Is it possible to roll a significantly faster version of sqrt

Question

In an app I'm profiling, I found that in some scenarios this function is able to take over 10% of total execution time.

I've seen discussion over the years of faster sqrt implementations using sneaky floating-point trickery, but I don't know if such things are outdated on modern CPUs.

MSVC++ 2008 compiler is being used, for reference... though I'd assume sqrt is not going to add much overhead though.

See also here for similar discussion on modf function.

EDIT: for reference, this is one widely-used method, but is it actually much quicker? How many cycles is SQRT anyway these days?

How are you using it? Built-in functions are likely to be pretty well optimal for the general case, but if you're using it in a more specialized way there's more scope for improvement. — David Thornley, Apr 14 '10 at 13:36
Can you post some code? The best way of optimizing sqrt is to get rid of it, or at least reduce the number of calls to it, which may be be possible. — IVlad, Apr 14 '10 at 13:36
Code is long and complex, soft-body physical modelling from a 3rd party. Not a couple of inner loops doing sqrt where length^2 could be used instead of length :) — Mr. Boy, Apr 14 '10 at 13:41
@Paul... all using the float type, not double. I don't know right now if greater precision loss is acceptable. — Mr. Boy, Apr 14 '10 at 15:52
Check this answer: http://stackoverflow.com/questions/686483/c-vs-c-big-performance-difference/687741#687741 — Hans Passant, Apr 14 '10 at 16:19
Don't use the "fast inverse square root". If you're willing to settle for an approximation, the hardware `rsqrtss` (approximate reciprocal square root) is much faster. — Stephen Canon, Apr 14 '10 at 18:22
See http://stackoverflow.com/questions/31555260/fast-vectorized-rsqrt-and-reciprocal-with-sse-avx-depending-on-precision for a decent version of (approximate) `rsqrtps` + a Newton iteration, giving +/-2ulp for single precision `float`. See http://stackoverflow.com/questions/32002277/why-does-gcc-or-clang-not-optimise-reciprocal-to-1-instruction-when-using-fast-m for `-mrecip` compiler optimization, which is supposed to control automatic use of `rsqrt`, [but doesn't seem to actually do so (only `rcp` for 1/x)](http://stackoverflow.com/a/35737027/224132). — Peter Cordes, Mar 02 '16 at 15:35

James · Accepted Answer · 2021-04-26T11:15:46.943

29

Yes, it is possible even without trickery:

sacrifice accuracy for speed: the sqrt algorithm is iterative, re-implement with fewer iterations.
lookup tables: either just for the start point of the iteration, or combined with interpolation to get you all the way there.
caching: are you always sqrting the same limited set of values? if so, caching can work well. I've found this useful in graphics applications where the same thing is being calculated for lots of shapes the same size, so results can be usefully cached.
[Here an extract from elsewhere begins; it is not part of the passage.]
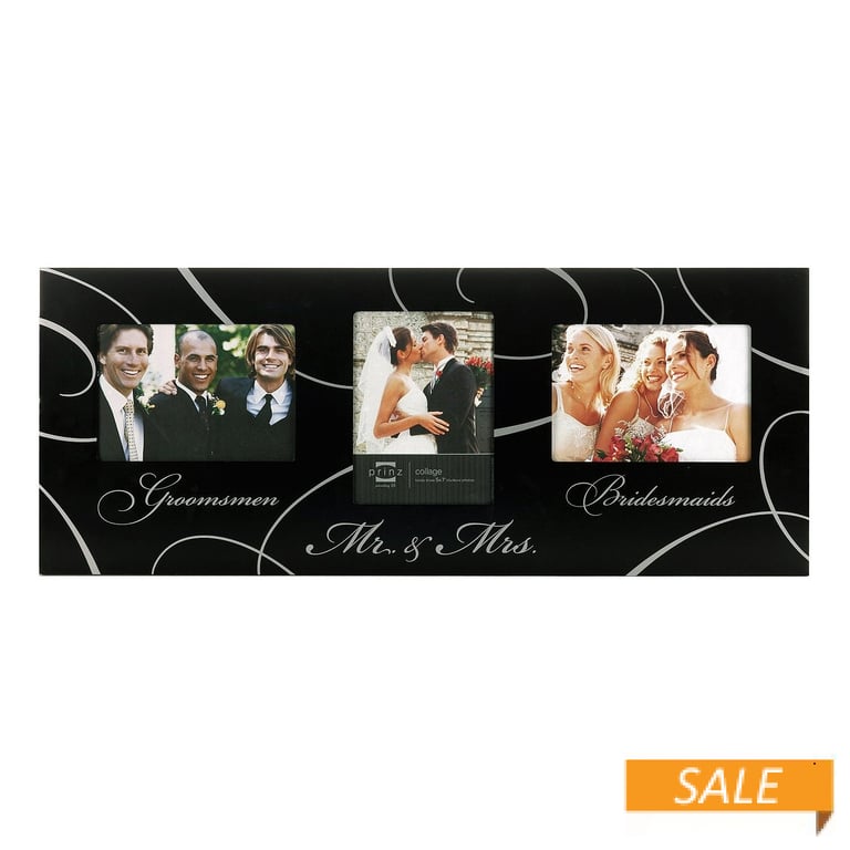 Product Details Prinz® frames & albums The WEDDING PARTY Collage wood frame by Prinz® — Proudly display your wedding party photo in this elegant frame. Black with a screen printed white swirl design and the words: Groomsmen Mr. & Mrs. Bridesmaids Holds three (3) 7"x5" photos. Produced by Prinz® maker of fine frames & albums for generations. The WEDDING PARTY Collage wood frame by Prinz® Model #086981761154 List $54.00 You pay $24.90 In stock Can be shipped today [?] Your Price Match is Active Your request for a price of $0.00 for a minimum quantity of has been accepted. You have [time] left to purchase this item for $0.00 instead of $24.90 each. Find a Lower Price? We BEAT All Authorized Retailers [?] FEATURESDisplays:5"x7"Material:Wood (full grain)Finish:BlackOccasion:Romantic, WeddingStyle:Classic, Contemporary, Sophisticated, Words & whimsy, Sentiments | ready madeOrientation:Horizontal OnlyBrand:Prinz® frames & albums This item ships in its own box SHARE THIS ITEM Share on Facebook
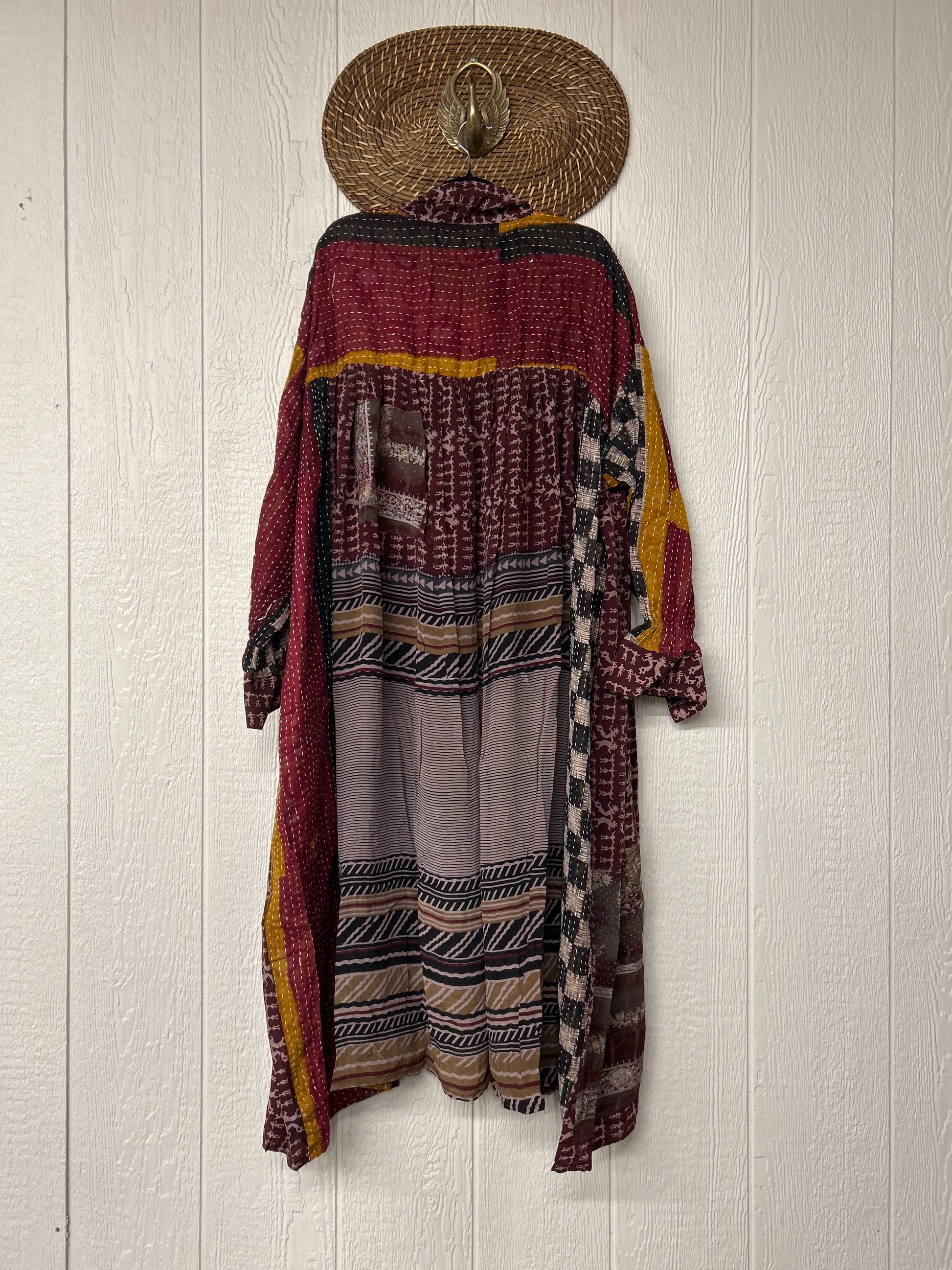 This dream layering piece is made from a mix of our lux vintage kantha embroidered cotton and crepe sari. Features an elastic ruffle sleeve that is easy to pull up or down to your desired length.

Hello from 11 years in the future.

Considering this still gets occasional votes, I thought I'd add a note about performance, which now even more than then is dramatically limited by memory accesses. You absolutely must use a realistic benchmark (ideally, your whole application) when optimising something like this - the memory access patterns of your application will have a dramatic effect on solutions like lookup tables and caches, and just comparing 'cycles' for your optimised version will lead you wildly astray: it is also very difficult to assign program time to individual instructions, and your profiling tool may mislead you here.

On a related note, consider using simd/vectorised instructions for calculating square roots, like _mm512_sqrt_ps or similar, if they suit your use case.
Take a look at section 15.12.3 of intel's optimisation reference manual, which describes approximation methods, with vectorised instructions, which would probably translate pretty well to other architectures too.

edited Apr 26 '21 at 11:15

answered Apr 14 '10 at 13:42

James

22,556
11
75
125

2

I always find it hard to believe that manually doing even a small number of iterations could be faster than a built-in SQRT instruction... but then I guess SQRT isn't magic, it still does iterations inside. – Mr. Boy Apr 14 '10 at 13:46
Do you have any kind of metrics... how much improvement you have seen? – Mr. Boy Apr 14 '10 at 13:47
4

Milage varies with usage :) You really have to profile your own usage scenario to see what works. Regarding the fsqrt instruction, you might be able to still use it, but speed things up a tiny bit by not checking for error conditions: depends on exactly what assembler your compiler is generating though. – James Apr 14 '10 at 14:08
Use quake sqrt algorithm. It's magic is not in the iteration but the choice of an initial value. However gcc at O3 level implements it so my recommendation is to use that. – rytis Jan 18 '16 at 06:36
@rytis The famous quake algorithm is for the inverse square root (`1/sqrt(x)`), not for `sqrt(x)` – James Jan 18 '16 at 14:23
You're right of course although `1/(1/sqrt(x))` might work as a compromise. On a different note I wonder if you have in mind some kind of Gal's accurate tables' implementation in, say C++ when you mention LUTs? I'd be interested to know more – rytis Jan 18 '16 at 15:46

celion · Answer 2 · 2015-11-11T13:51:24.360

There's a great comparison table here: http://assemblyrequired.crashworks.org/timing-square-root/

Long story short, SSE2's ssqrts is about 2x faster than FPU fsqrt, and an approximation + iteration is about 4x faster than that (8x overall).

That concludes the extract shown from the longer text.